* Task details:
Write the data below out exactly as it stands. Do not include the pictures.

----- Raw data

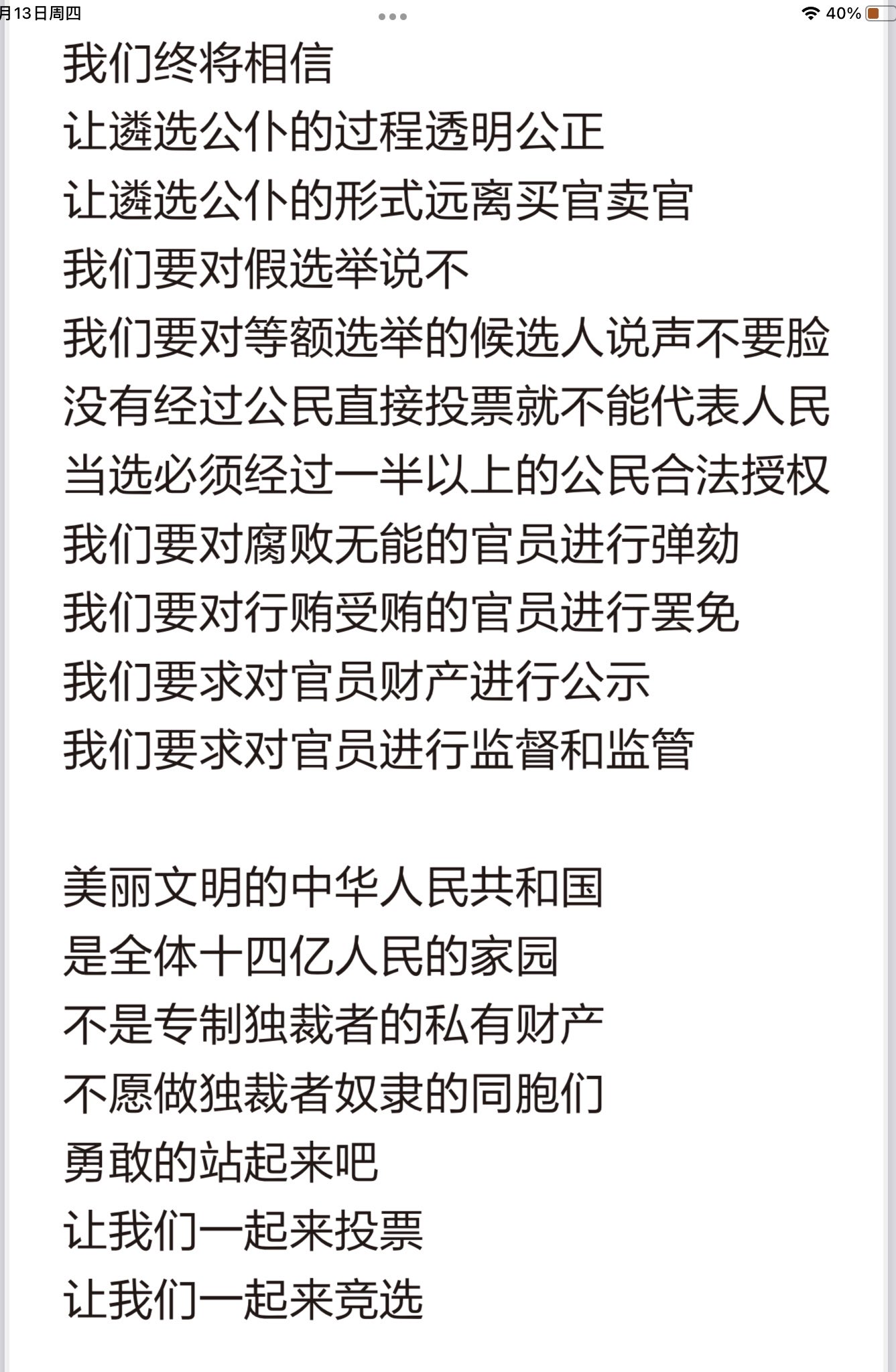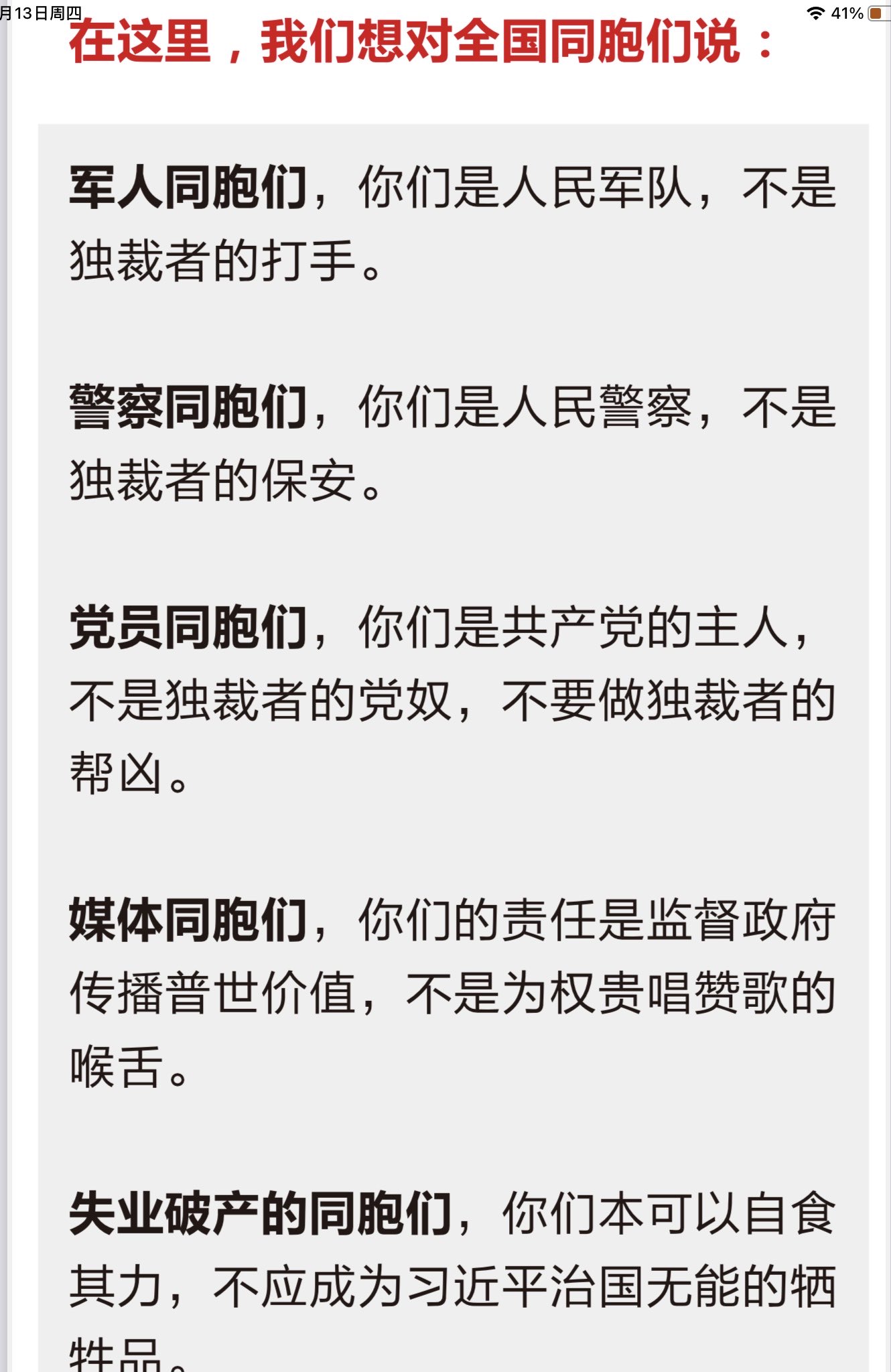 【跟进时代勇士】7: 这是孤胆英雄彭载舟罢课罢工罢免习近平攻略中的告全国同胞书(4):
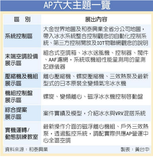 走入AP營運中心,開闊的迎賓時光廊區(qū)頓時吸引參訪者的目光,高達(dá)3層總數(shù)超過100只貨柜,建構(gòu)成強烈的工業(yè)風(fēng)格鋼鐵城堡。右側(cè)展示VRV及家用系統(tǒng),中央主展廳則為AP系列產(chǎn)品的展示,展廳內(nèi)分為六大主題(見右表),大金全系列商品一覽無遺。
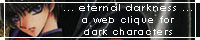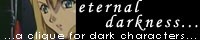 :: codes :: Remember to read the Rules before joining. Here are the codes for your site. There are the text code, and then there are some buttons and banners if you want to use those... text codes: eternal darkness :: your character(s) buttons & banners: For all buttons or banners links, please copy the image and upload them to your page. Direct linking will kill my bandwith. >_< Oh yeah, you are welcome to make your own banners if you want, but it must clearly show that you are part of this clique. Here's the html code: ![]() button links:

----------

* Task response:
 【跟进时代勇士】7: 这是孤胆英雄彭载舟罢课罢工罢免习近平攻略中的告全国同胞书(4):
 走入AP營運中心,開闊的迎賓時光廊區(qū)頓時吸引參訪者的目光,高達(dá)3層總數(shù)超過100只貨柜,建構(gòu)成強烈的工業(yè)風(fēng)格鋼鐵城堡。右側(cè)展示VRV及家用系統(tǒng),中央主展廳則為AP系列產(chǎn)品的展示,展廳內(nèi)分為六大主題(見右表),大金全系列商品一覽無遺。
 :: codes :: Remember to read the Rules before joining. Here are the codes for your site. There are the text code, and then there are some buttons and banners if you want to use those... text codes: eternal darkness :: your character(s) buttons & banners: For all buttons or banners links, please copy the image and upload them to your page. Direct linking will kill my bandwith. >_< Oh yeah, you are welcome to make your own banners if you want, but it must clearly show that you are part of this clique. Here's the html code: ![]() button links:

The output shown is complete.